Source data.
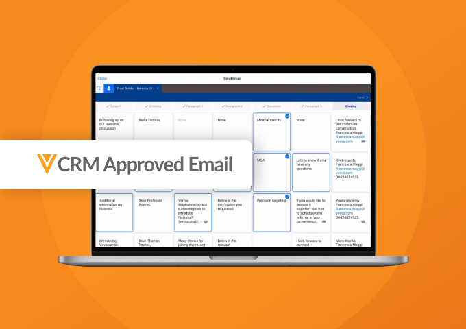 Approved Email is an application within Vault CRM that allows users to send compliant emails to HCPs in a unified experience. Users can quickly assemble an email selecting approved templates, content fragments (links in the email), and optional personalization (such as a personal greeting).
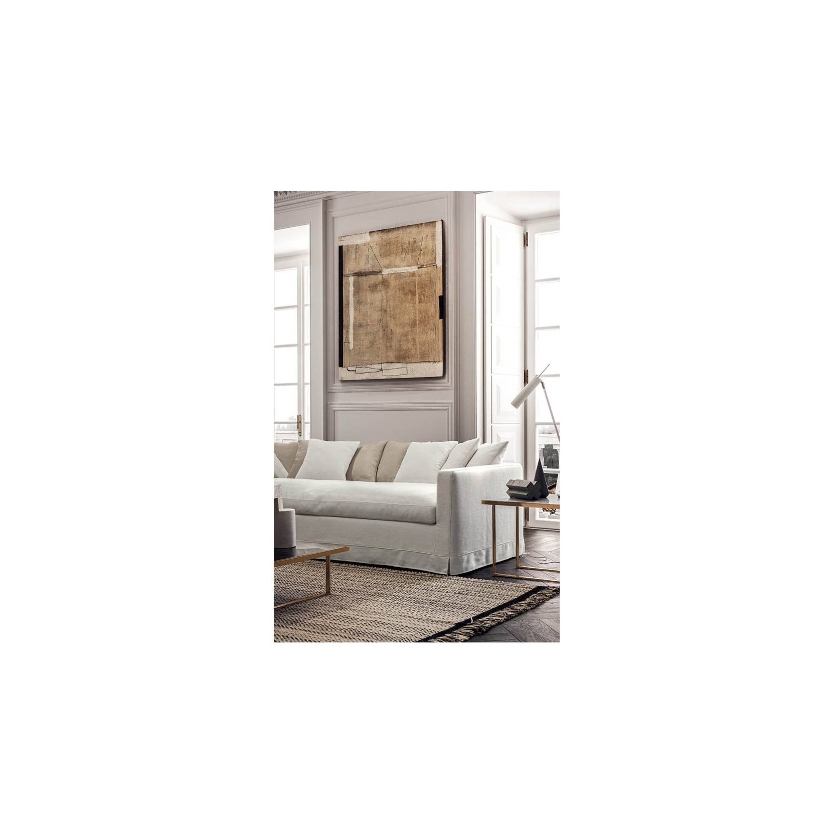 A cosy nest: thanks to its informal style, Otto meets the need for comfort and sharing with its simple, reassuring lines. The single, deep, soft, feather-filled seat cushion invites you to relax and enjoy entertainment with family and friends. The backrest’s curved shape features lots of feather-filled cushions that offer comfy, customisable support. The covering is available in all the collection’s fabric options, is removable and loosens up towards the base.
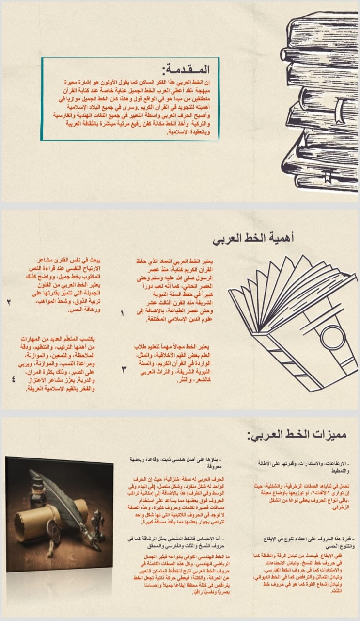 حيث ابتدأ البرنامج بمقدمة تعريفية بالخط العربي بينت مكانته وارتباطه بالدين واللغة، ثم بيان لأهمية ومميزات الخط العربي، تلا ذلك ذكر لبعض أنواع الخط العربي، ثم الحديث عن أهم المبادرات التي قامت بها وزارة الثقافة ضمن مبادرة عام الخط العربي ٢٠٢١، مثل:

What the exercise asks.
Leave the pictures out and set down the rest of the listing above exactly.

Finished exercise.
 Approved Email is an application within Vault CRM that allows users to send compliant emails to HCPs in a unified experience. Users can quickly assemble an email selecting approved templates, content fragments (links in the email), and optional personalization (such as a personal greeting).
 A cosy nest: thanks to its informal style, Otto meets the need for comfort and sharing with its simple, reassuring lines. The single, deep, soft, feather-filled seat cushion invites you to relax and enjoy entertainment with family and friends. The backrest’s curved shape features lots of feather-filled cushions that offer comfy, customisable support. The covering is available in all the collection’s fabric options, is removable and loosens up towards the base.
 حيث ابتدأ البرنامج بمقدمة تعريفية بالخط العربي بينت مكانته وارتباطه بالدين واللغة، ثم بيان لأهمية ومميزات الخط العربي، تلا ذلك ذكر لبعض أنواع الخط العربي، ثم الحديث عن أهم المبادرات التي قامت بها وزارة الثقافة ضمن مبادرة عام الخط العربي ٢٠٢١، مثل:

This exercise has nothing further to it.